Some context: Atlanta is a horrible sports town. Fans show up late, they rarely support their teams except during playoff races, and attendance ranges from mediocre (the football Falcons) to outright putrid (the Hawks were third to last in 2013-2014). Aside from the weak fandom, as we’ve established, Atlanta is mostly black. Those who do show up are going to look a lot like the city’s demographics, as they have for decades. It’s surprising that Levenson didn’t understand either of these important market drivers before buying the Hawks in 2004. Season ticket sales were going to be elusive, as they’ve always been.
The common thread with Levenson, whose comments were defended as business-minded by no less than Kareem Abdul-Jabbar, and former-Los Angeles Clippers owner Donald Sterling’s Disney villainesque, unrepentant bigotry, is in its power. This isn’t ignorance being flamed about by a broke redneck tweeting slurs from the obscurity of his doublewide. These are very rich men with controls over the communities they live in; men who wield the power to dictate outcomes. Outcomes, for instance, that result in substandard living conditions for minorities, as was the case of Sterling the slumlord, who made exploiting mostly minority populations. Or, in the case of Levenson, who is perfectly happy to sell black athletic performance as entertainment but strategizes to limit the black consumer from enjoying his product because he doesn’t think they can afford the premium offerings.
When you dismiss Levenson’s dollar status scale, reproduced above in its likely entirety, as mere business strategy, it becomes harder to criticize the implications of the strategy. But that doesn’t change what it is: a soft prejudice that results in real disadvantages for real people that, if not for a boneheaded e-mail, probably would not have become visible.

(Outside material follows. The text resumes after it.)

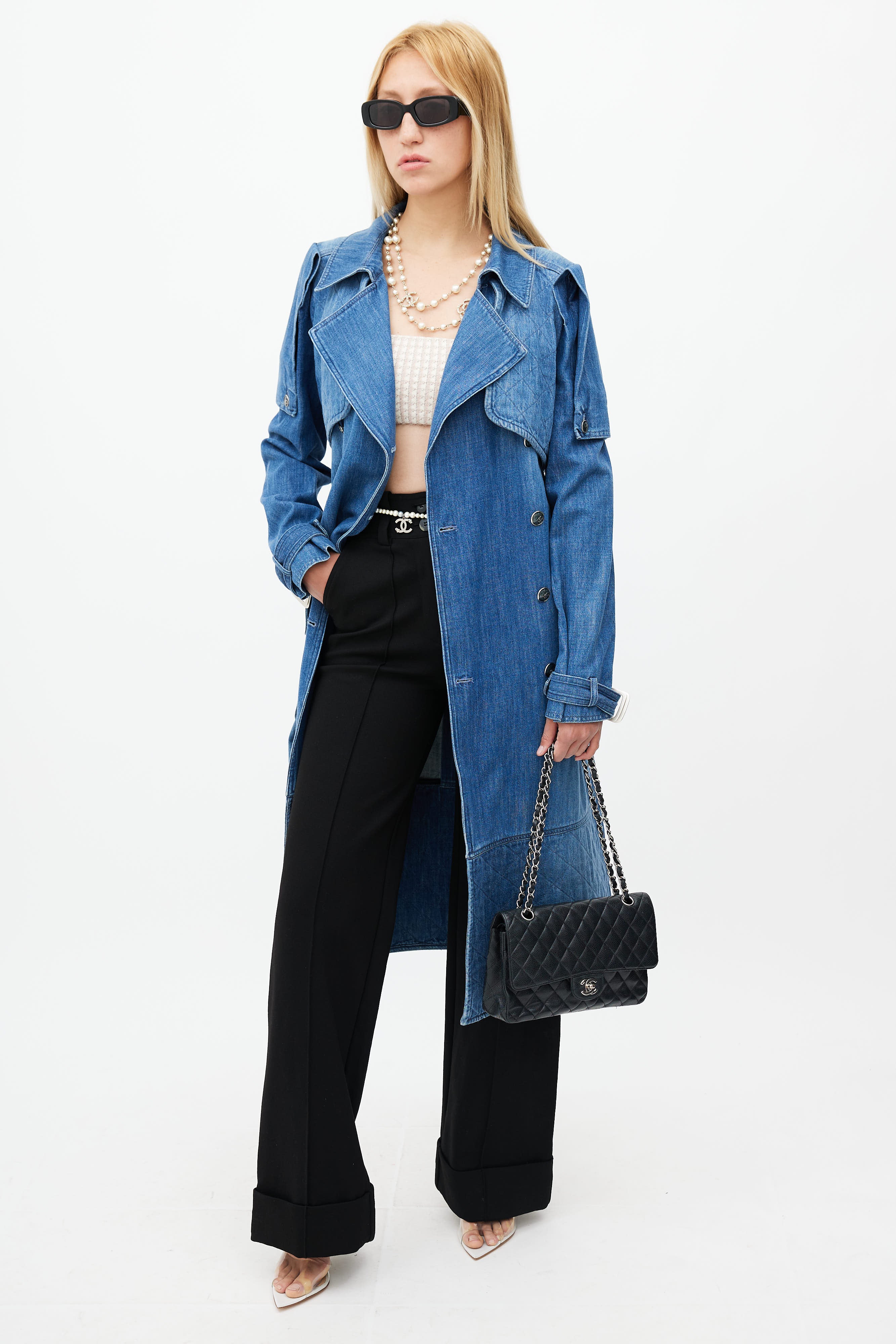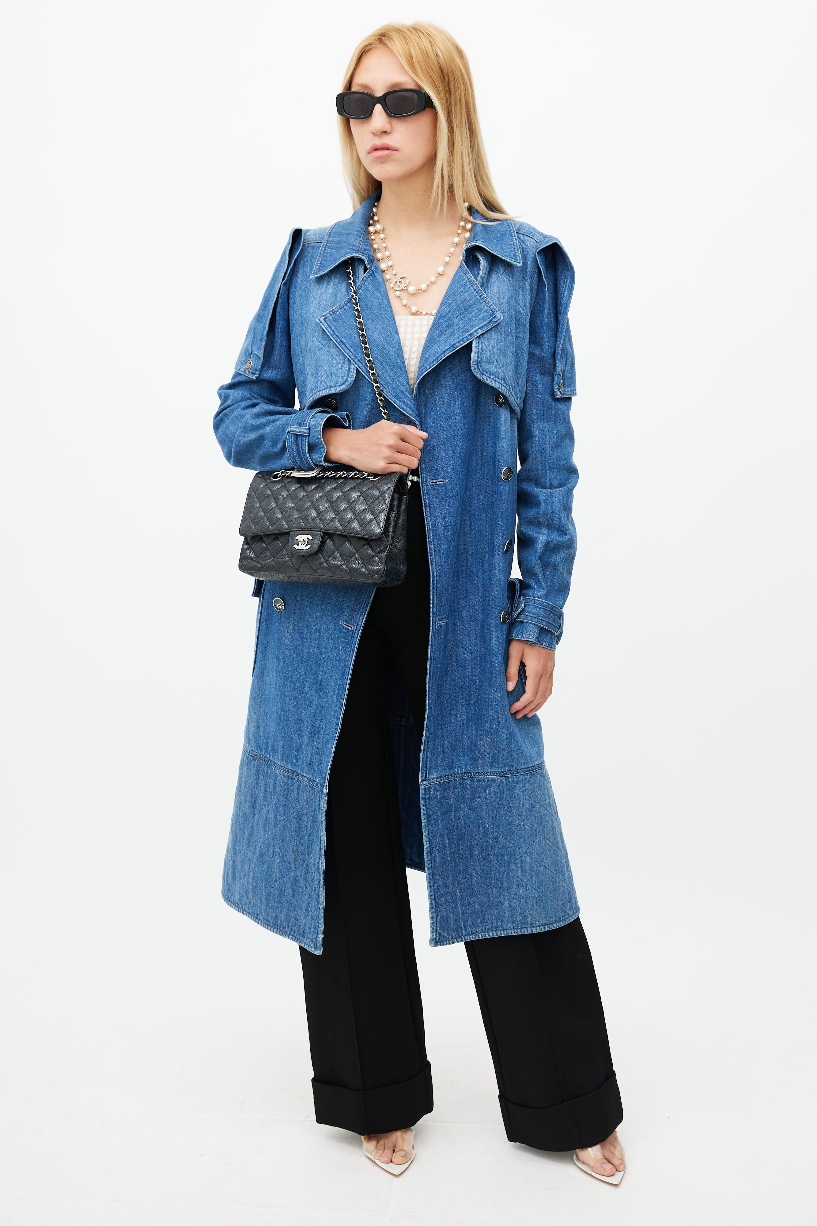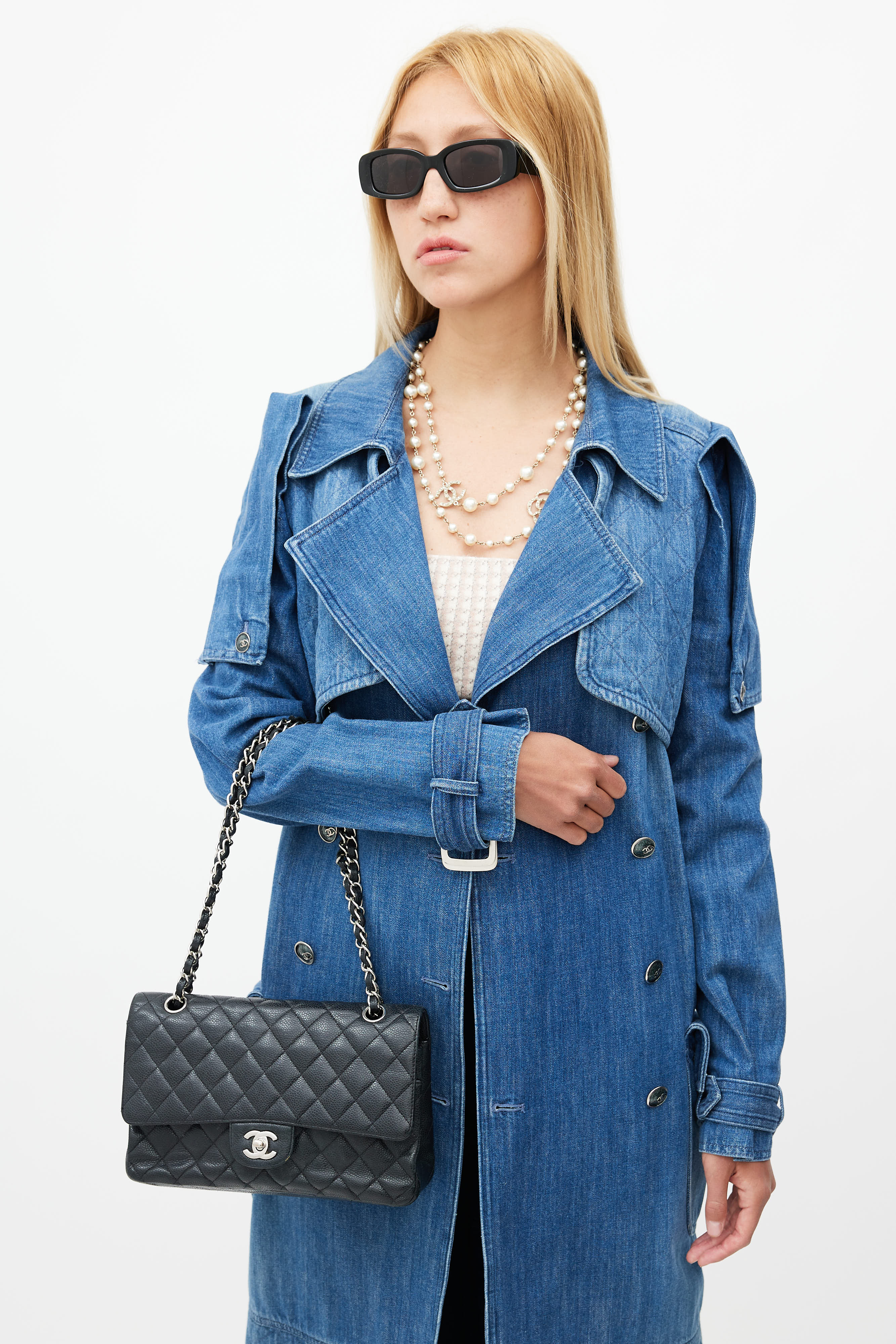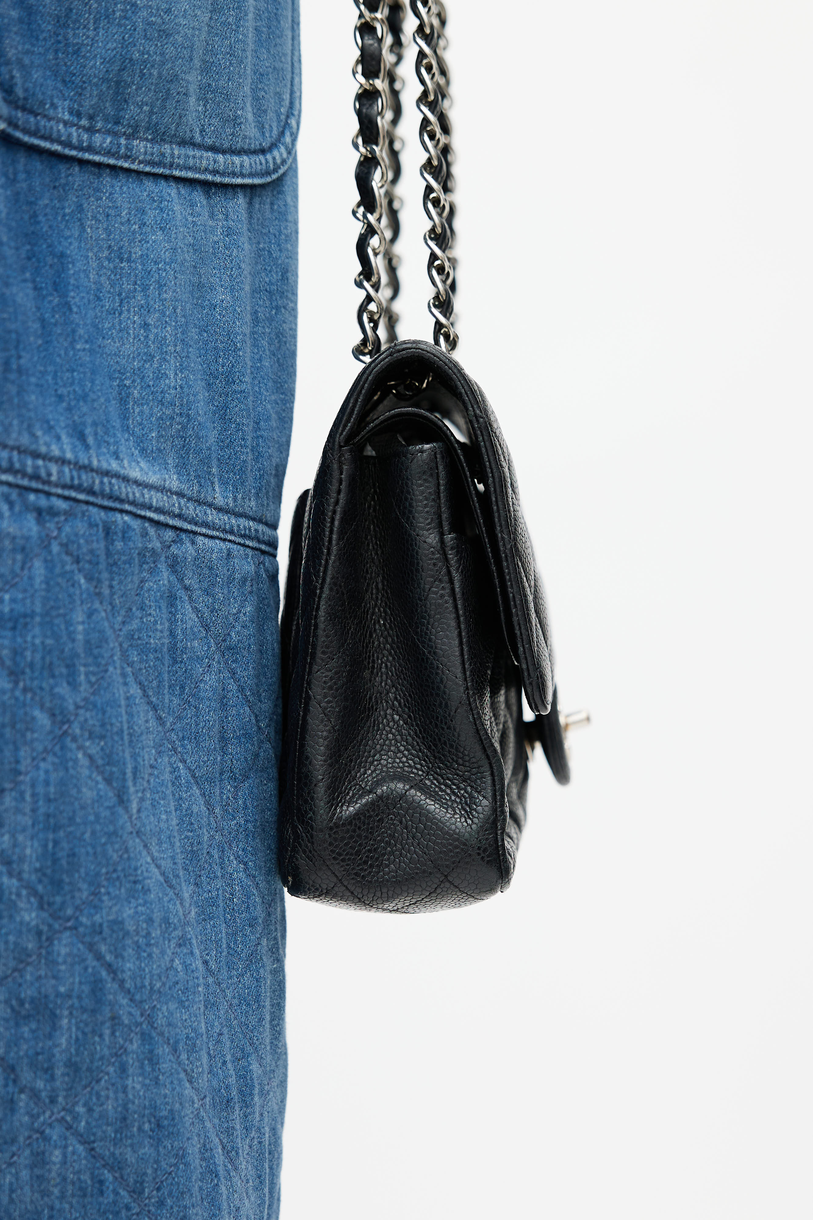 Pre-owned Chanel black classic Double Flap shoulder bag featuring signature quilted Caviar leather, silver tone chain shoulder strap, CC turn lock closure with dual flap, one slip pocket at back, one main compartment with two slip pockets and tonal CC embroidery, and one interior zip pocket at flap. Comes with original dust bag.

Racism is often not immediately apparent. Like banks and groceries stores focusing their giveaways and marketing efforts in affluent communities, the quiet prejudice of unspoken business strategies, like its redlining forebearers, corrodes without making a sound. These days, if you’re entrusted with a position of power, you can be loud, and you can be stupid, but you can’t be both. Not without the world finding out.